Architecture Overview
┌─────────────────────────────────────────────────────────────┐
│ LlamaBot library │
│ ┌──────────┐ ┌──────────┐ ┌──────────┐ ┌────────────┐ │
│ │ Bots │ │Components│ │ CLI / │ │ Recorder │ │
│ │ (Simple, │ │ messages, │ │ helpers │ │ spans, │ │
│ │ Tool, │ │ docstore, │ │ │ │ sqlite │ │
│ │ Query, │ │ tools, │ │ │ │ │ │
│ │ Agent, │ │ memory │ │ │ │ │ │
│ │ …) │ │ │ │ │ │ │ │
│ └──────────┘ └──────────┘ └──────────┘ └────────────┘ │
│ │ │ LiteLLM │
│ └──────────────┴──────────────────────► API │
└─────────────────────────────────────────────────────────────┘
Agent / orchestration: AgentBot is a reference implementation of one PocketFlow graph (decide → tool → loopback). Other graphs are encouraged; see the AgentBot feature LLD.
Key Design Decisions
Decision 1: LiteLLM as the single provider surface
Choice: Route completions through LiteLLM.
Rationale: One integration point for many providers and options; aligns with LlamaBot’s “all models LiteLLM supports” goal.
Decision 2: PocketFlow for agent graph orchestration
Choice: Use PocketFlow Flow / AsyncFlow for the default AgentBot topology.
Rationale: Explicit graph, routing labels, and loopback without a custom scheduler; users can fork or replace DecideNode / edges.
Decision 3: Tool routing via ToolBot / AsyncToolBot inside DecideNode
Choice: The sync graph uses ToolBot.__call__; the async graph uses AsyncToolBot.__call__ with acompletion, both single-turn tool-calling.

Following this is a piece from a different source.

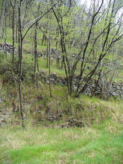 Alcune delle gallerie di ricovero e deposito. Nella muratura di sostegno della sede stradale vi sono spesso dei conci sporgenti.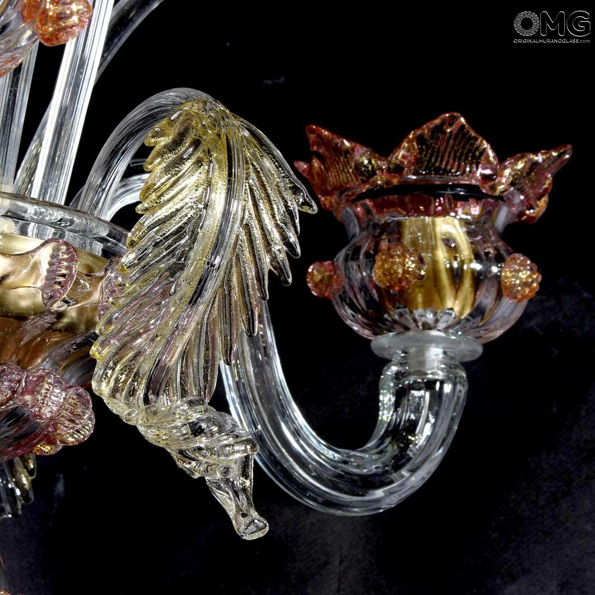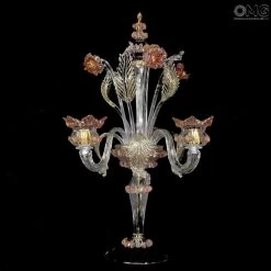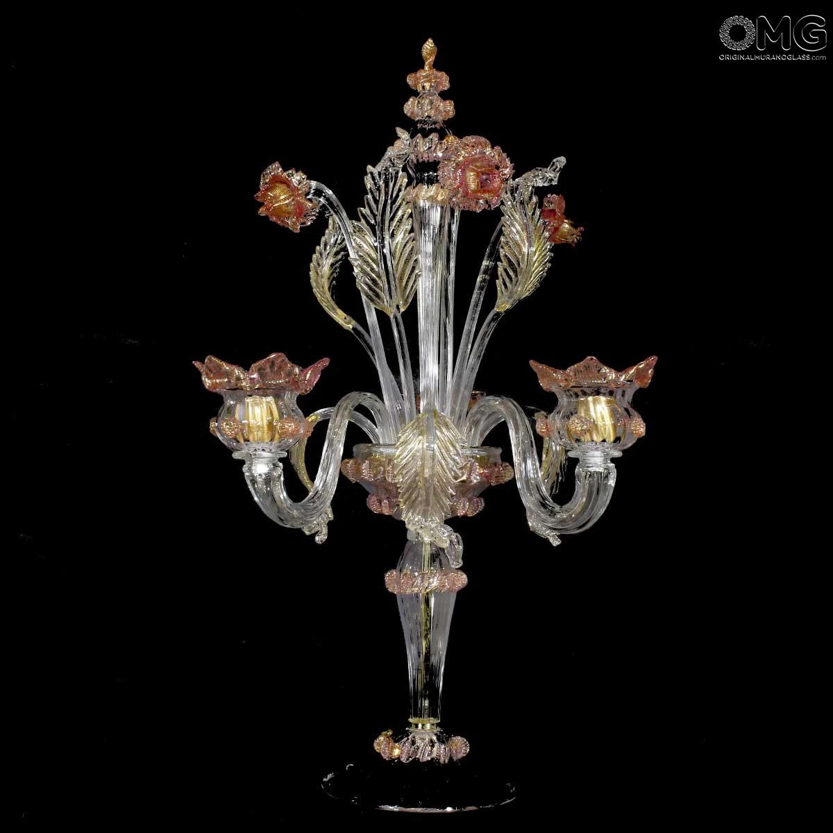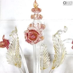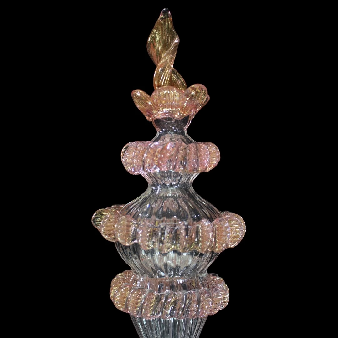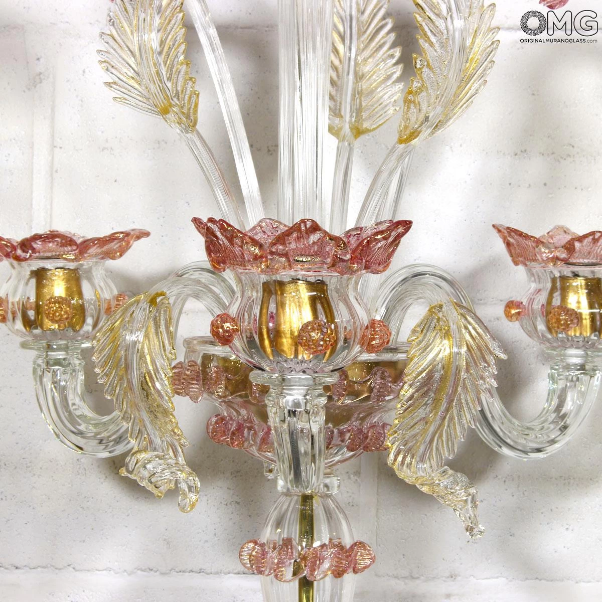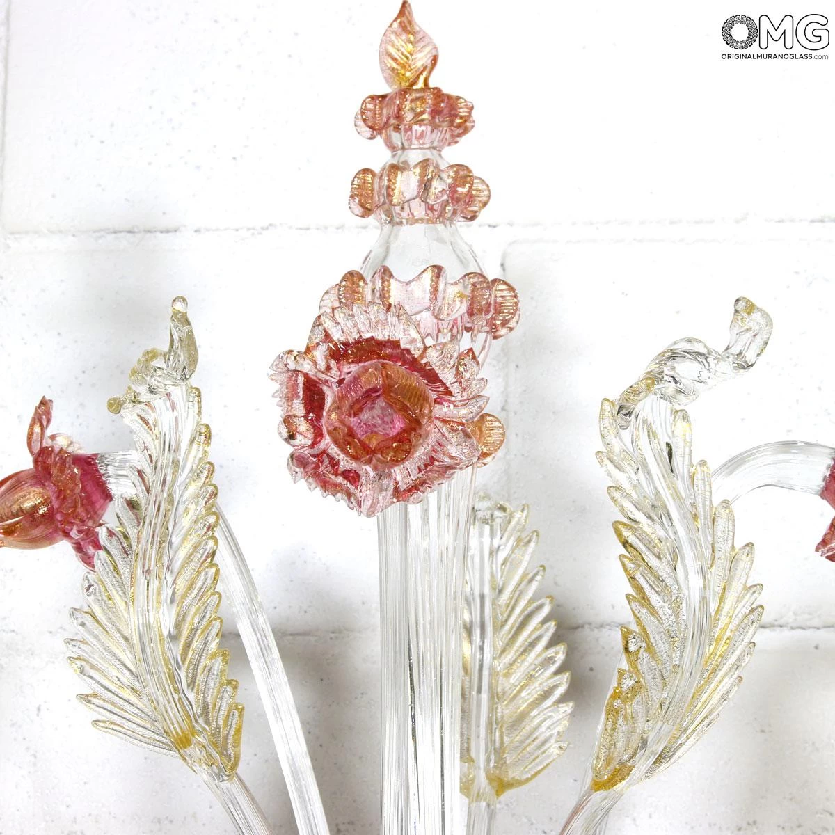 Flambeau 3 lights, Venetian glass transparent with pink trim and gold. Flambeau handmade according with the old Murano glass tradition, handcrafted in blown glass.Â

Rationale: Reuses the same message and schema plumbing as ToolBot; async entrypoint matches other Async* bots.
Risks and Mitigations
| Risk | Mitigation |
|---|---|
| Confusion between “AgentBot” and “the only agent” | Document AgentBot as reference graph; see designs/agentbot LLD and EARS. |
| Sync/async drift | Parallel Async* bots and async completion paths where supported; document in LLDs. |